Las ideas románticas de Herder calaron en el pensamiento nacionalista de Europa central y oriental y los Principados rumanos no fueron una excepción, de hecho, la nación rumana se definió, según el modelo germano, por su origen común (romano, dacio o dacio-romano), por su lengua latina en el seno de un océano eslavo, por su historia compartida, por una espiritualidad específica[1].

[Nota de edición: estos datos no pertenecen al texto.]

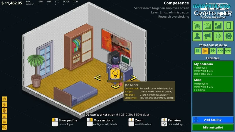 Погрузитесь в атмосферу становления цифровой индустрии с игрой Crypto Miner Tycoon Simulator. Начинайте свой путь еще в далеком 2010 году, сжатые стены подростковой комнаты станут стартовой площадкой для создания первой криптофермы. От скромного начала — к масштабной империи с множеством офисов и внушительными серверными залами.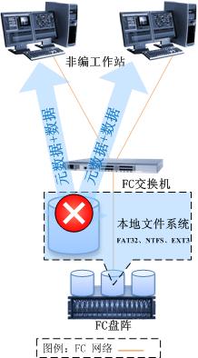 虽然SAN架构(无论是IP SAN还是FC SAN)具有物理上的互联互通性即任何一个逻辑卷可以同时被任何一个主机访问,但是由于传统的本地文件系统(例如NTFS或EXT4)在设计上均不支持两台主机同时读写同一块磁盘(也就是同一个逻辑卷)这一功能,所以“SAN+本地文件系统”的方式是无法实现“多台工作站或服务器对来自于SAN的同一个或同一组卷进行同时读写操作”这一应用模式的。上述这些非结构数据占主导的应用中主要的解决方案是采用“卷共享软件”或“SAN文件系统”来满足“多台工作站或服务器对来自于SAN的同一个或同一组卷进行同时读写操作”这一需求。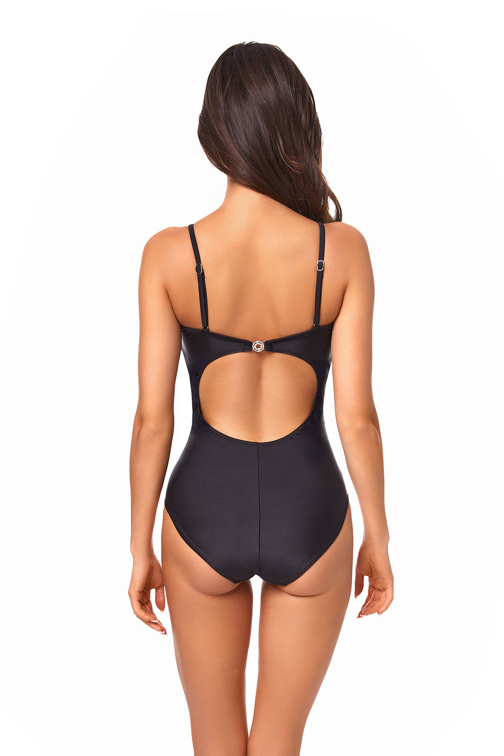 Эффектный слитный купальник с черно-белым принтом K.8083 с формованными чашками на каркасах. На спинке нерегулируемая застежка, бретели регулируются по длине.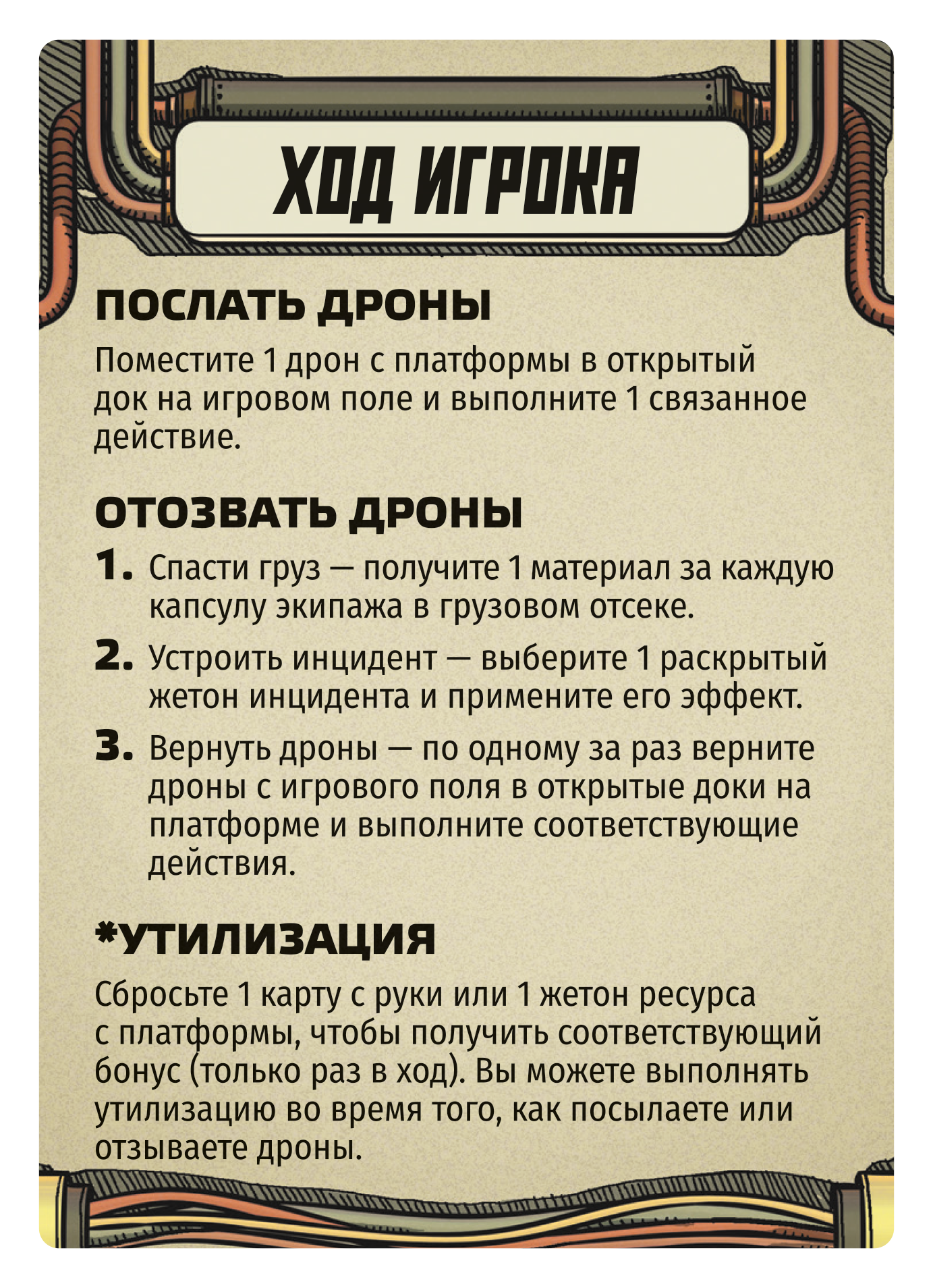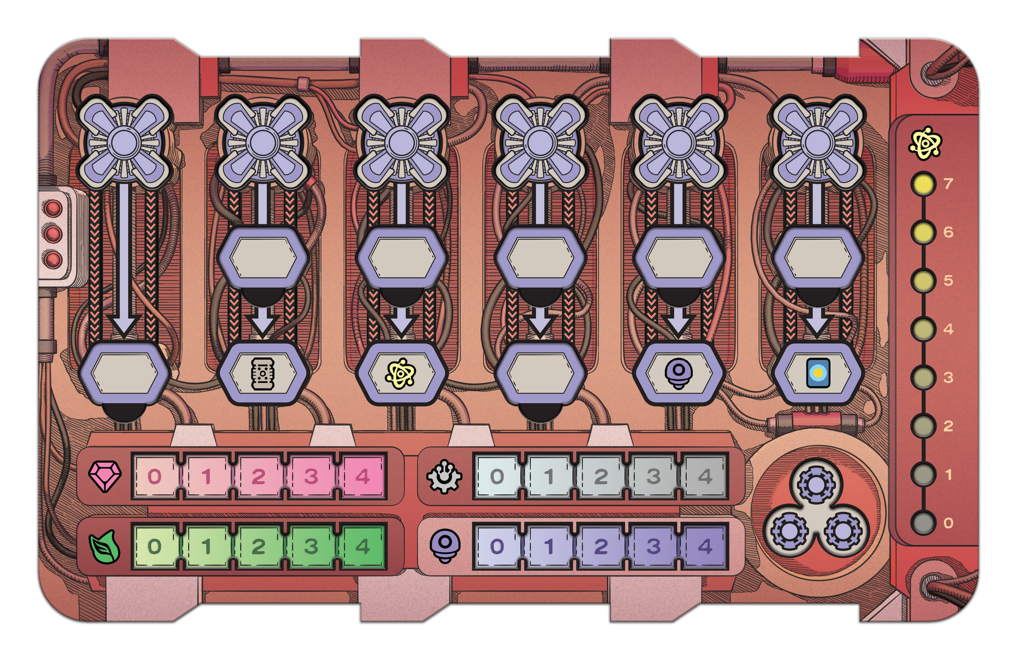В данной настольной стратегической игре участники возьмут под свой контроль дронов, с помощью которых будут исследовать части разбившегося корабля. На борту все еще есть выжившие, правда, прибывающие в криосне, а посему их следует разбудить. В свой ход можно выполнить несколько действий, собирать ресурсы, исследовать подземные пещеры и улучшать свой игровой модуль. С помощью специальных карт технологий игроки смогут получить постоянный положительный эффект и заселять колонистов в пещеры.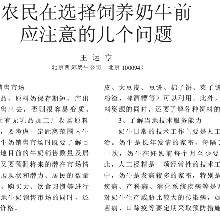 內容介紹:一、農民在選擇飼養奶牛前應注意的幾個問題 二、奶牛的品種特征 三、奶牛的行為習性 四、奶牛的飼料種類 五、奶牛的營養需要 六、奶牛的日糧配合 七、奶牛的飼養管理 八、奶牛的繁殖管理 九、奶牛的疾病防治 十、影響奶牛產奶量及原料奶質量的主要因素 哈哈,和大家分享以下王老師的資料,對王老師表示感謝!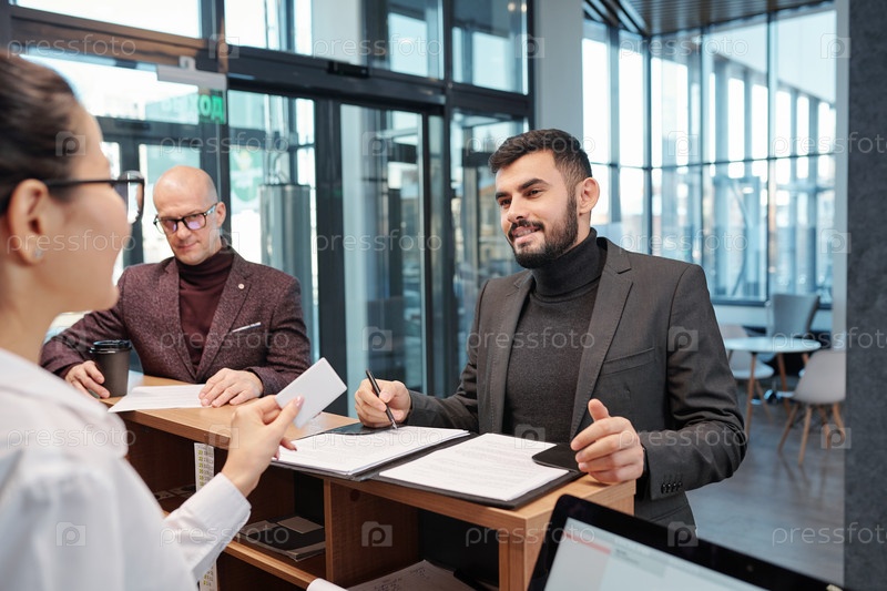 Бородатый молодой бизнесмен с ручкой смотрит на женщину-рецепционера у прилавка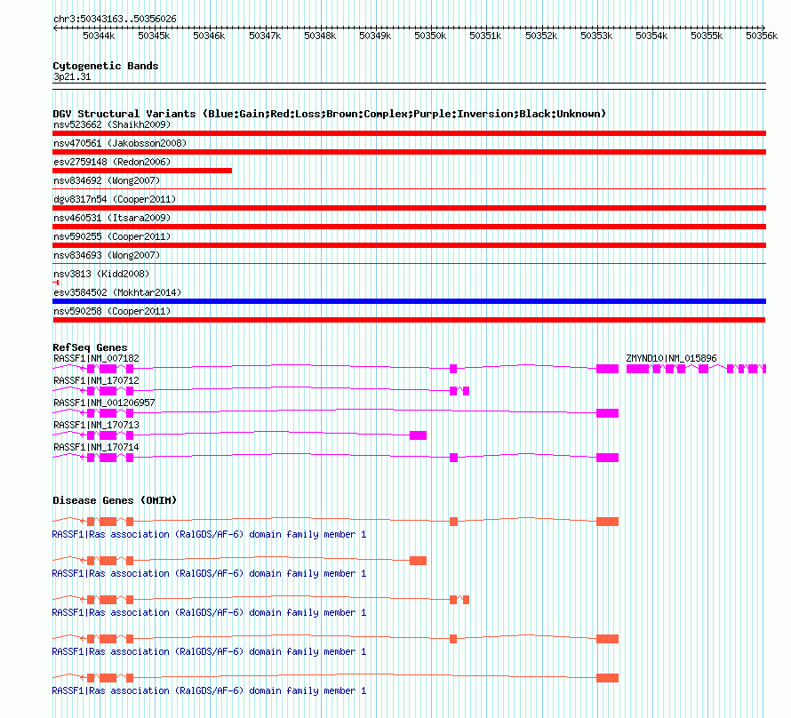 Variant DetailsVariant: nsv590258| Internal ID | 16377667 | | Landmark | | | Location Information | | | Cytoband | 3p21.31 | | Allele length | | Assembly | Allele length | | hg38 | 12864 | | hg19 | 12864 | | hg18 | 12864 |

Los primeros brotes de construcción de una conciencia nacional rumana habían aparecido a mediados del siglo XVIII, de manos de la Iglesia Uniata de Transilvania - vinculada a Austria y enfrentada a los magnates húngaros - y de un grupo de intelectuales integrantes de la Escuela de  Transilvania (Petru Maior, Samuil Micu-Klein y Georghe Sincai). Estos intelectuales de credo uniata y educados en Viena, realizaron una labor historiográfica y lingüística que sentó las bases del nacionalismo rumano, reflejado en el contenido del Supplex Libellus Vallachorum, un memorando enviado a Leopoldo II en 1791 en el que se pedían los mismos derechos para los rumanos que para el resto de minorías transilvanas y una representación en la Dieta.

Progresivamente, el nacionalismo rumano reelaboró sus mitos fundacionales para adaptarlos al organismo nacional que se pretendía fundar y encontró en el viejo reino de Dacia el mejor símbolo para representar el espacio rumano, especialmente en un momento en el que el nombre de Rumania todavía no existía.

A partir de entonces, el término Dacia apareció con frecuencia para definir el territorio completo habitado por rumanos y, por ejemplo, publicaciones como Dacia litterară, Magazin istoric pentru Dacia o Dacia viitoare representaron un programa completo político-nacional y de construcción de un imaginario común. Paralelamente, los escritos históricos desarrollados en los años 30 y 40 y, sobre todo, la conformación del mito de Miguel el Valiente, como unificador de los tres Principados a principios del siglo XVII, ilustran también muy bien los cambios ocurridos en la conciencia del pueblo rumano y sus preocupaciones por la unidad nacional.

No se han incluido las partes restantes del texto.